*Material provided*.
◇ ◇ ◇

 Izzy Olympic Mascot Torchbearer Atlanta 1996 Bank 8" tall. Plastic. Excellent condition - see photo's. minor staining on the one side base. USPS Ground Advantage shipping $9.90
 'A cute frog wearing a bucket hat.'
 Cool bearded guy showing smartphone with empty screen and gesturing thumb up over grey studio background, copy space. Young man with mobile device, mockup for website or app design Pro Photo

◇ ◇ ◇

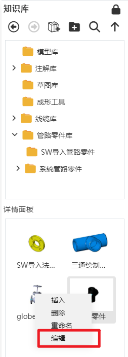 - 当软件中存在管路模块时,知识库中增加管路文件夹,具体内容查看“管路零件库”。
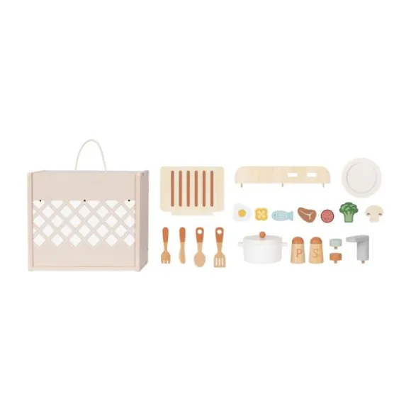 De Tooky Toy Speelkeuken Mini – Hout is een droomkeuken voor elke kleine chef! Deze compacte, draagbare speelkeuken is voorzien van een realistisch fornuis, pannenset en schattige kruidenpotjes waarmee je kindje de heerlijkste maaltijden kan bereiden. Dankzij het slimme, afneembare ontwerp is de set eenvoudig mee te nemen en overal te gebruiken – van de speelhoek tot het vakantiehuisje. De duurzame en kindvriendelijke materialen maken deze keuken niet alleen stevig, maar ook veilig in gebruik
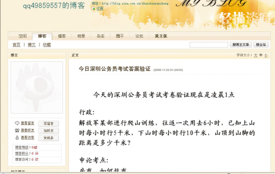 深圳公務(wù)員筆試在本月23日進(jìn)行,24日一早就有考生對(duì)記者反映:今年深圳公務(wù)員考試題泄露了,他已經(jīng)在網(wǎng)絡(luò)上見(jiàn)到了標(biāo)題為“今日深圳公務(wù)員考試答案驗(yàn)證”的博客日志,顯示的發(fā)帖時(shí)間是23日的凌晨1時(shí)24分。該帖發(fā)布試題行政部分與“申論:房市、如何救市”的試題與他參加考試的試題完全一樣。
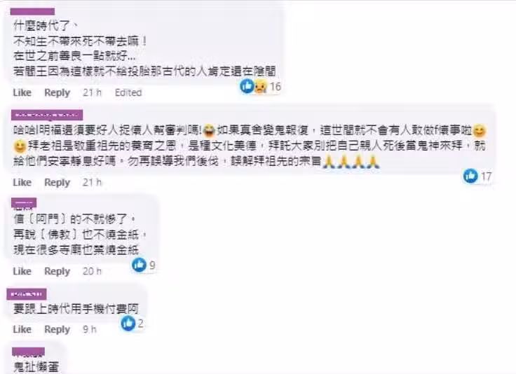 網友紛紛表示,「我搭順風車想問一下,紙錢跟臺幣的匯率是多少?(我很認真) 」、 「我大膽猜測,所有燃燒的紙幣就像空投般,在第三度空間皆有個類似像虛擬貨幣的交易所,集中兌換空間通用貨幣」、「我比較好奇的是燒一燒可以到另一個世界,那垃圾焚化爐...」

◇ ◇ ◇

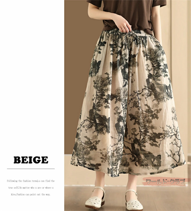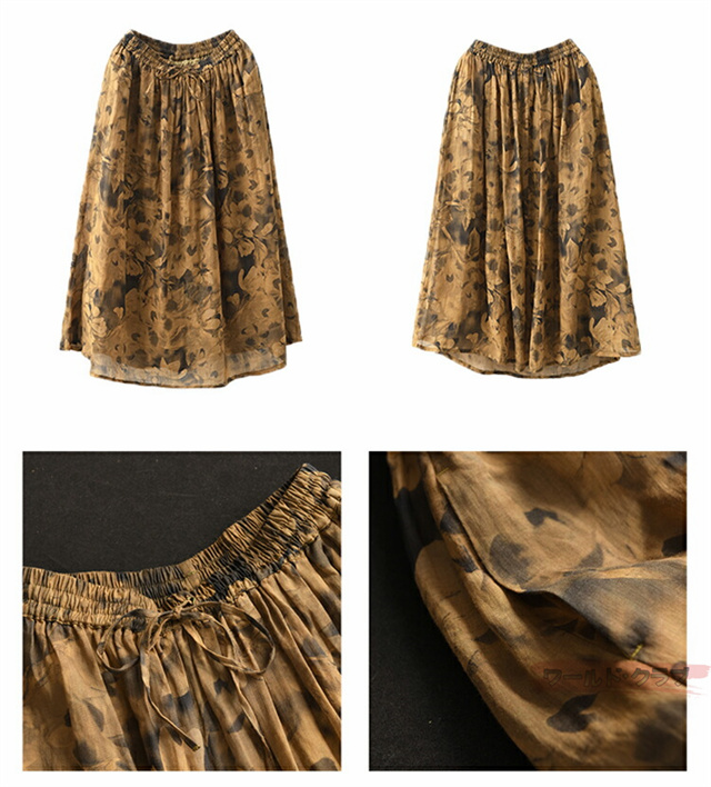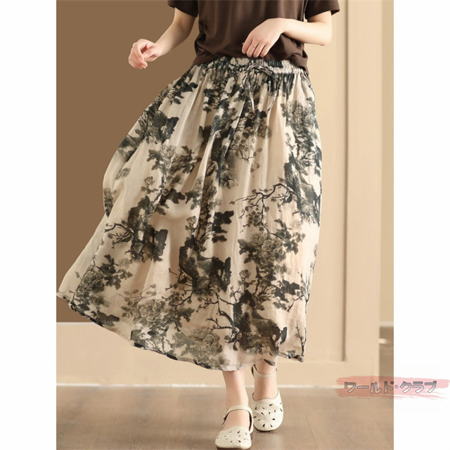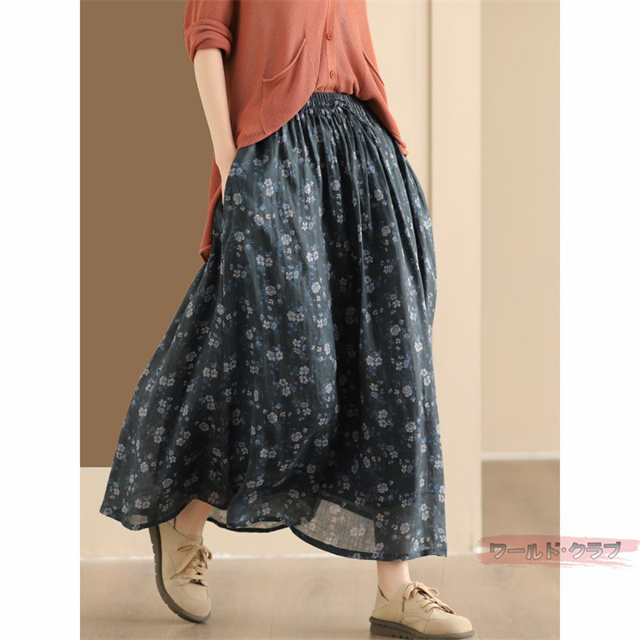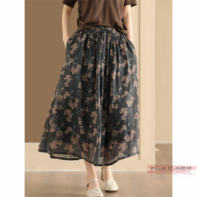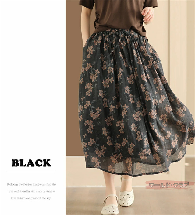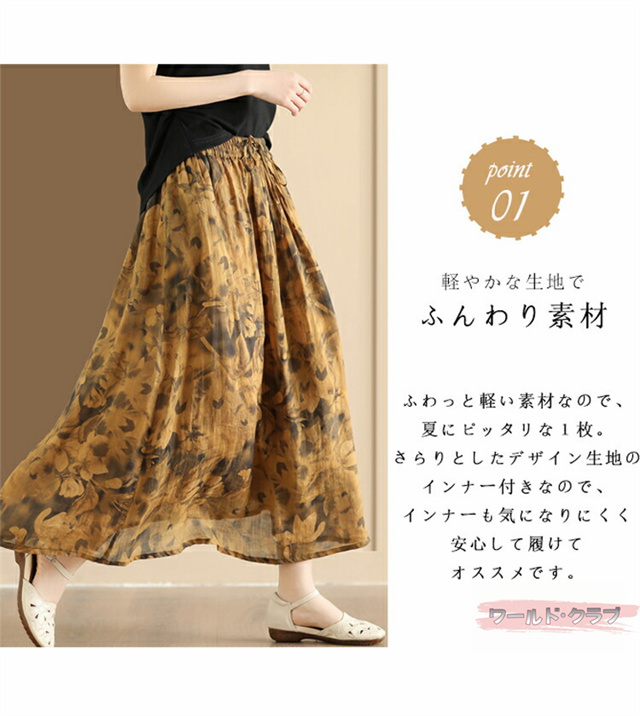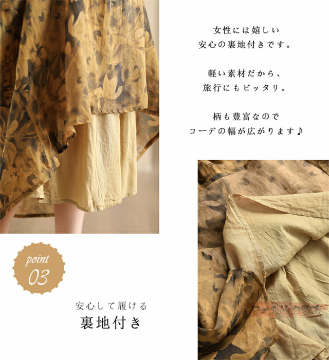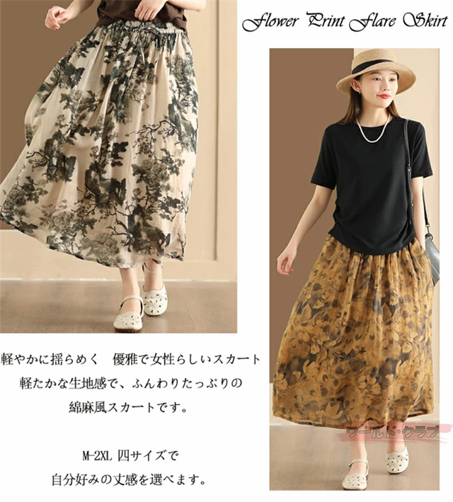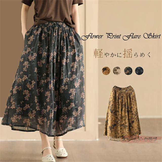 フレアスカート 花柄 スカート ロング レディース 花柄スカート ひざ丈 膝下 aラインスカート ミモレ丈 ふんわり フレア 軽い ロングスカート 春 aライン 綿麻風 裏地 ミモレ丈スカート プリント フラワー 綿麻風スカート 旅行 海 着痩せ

◇ ◇ ◇

*Required work*. The response must hold only the lines above from the line with "a bucket hat.'" through the line with "Cool bearded guy", each copied exactly, both ends kept.

*Expected answer*.
 'A cute frog wearing a bucket hat.'
 Cool bearded guy showing smartphone with empty screen and gesturing thumb up over grey studio background, copy space. Young man with mobile device, mockup for website or app design Pro Photo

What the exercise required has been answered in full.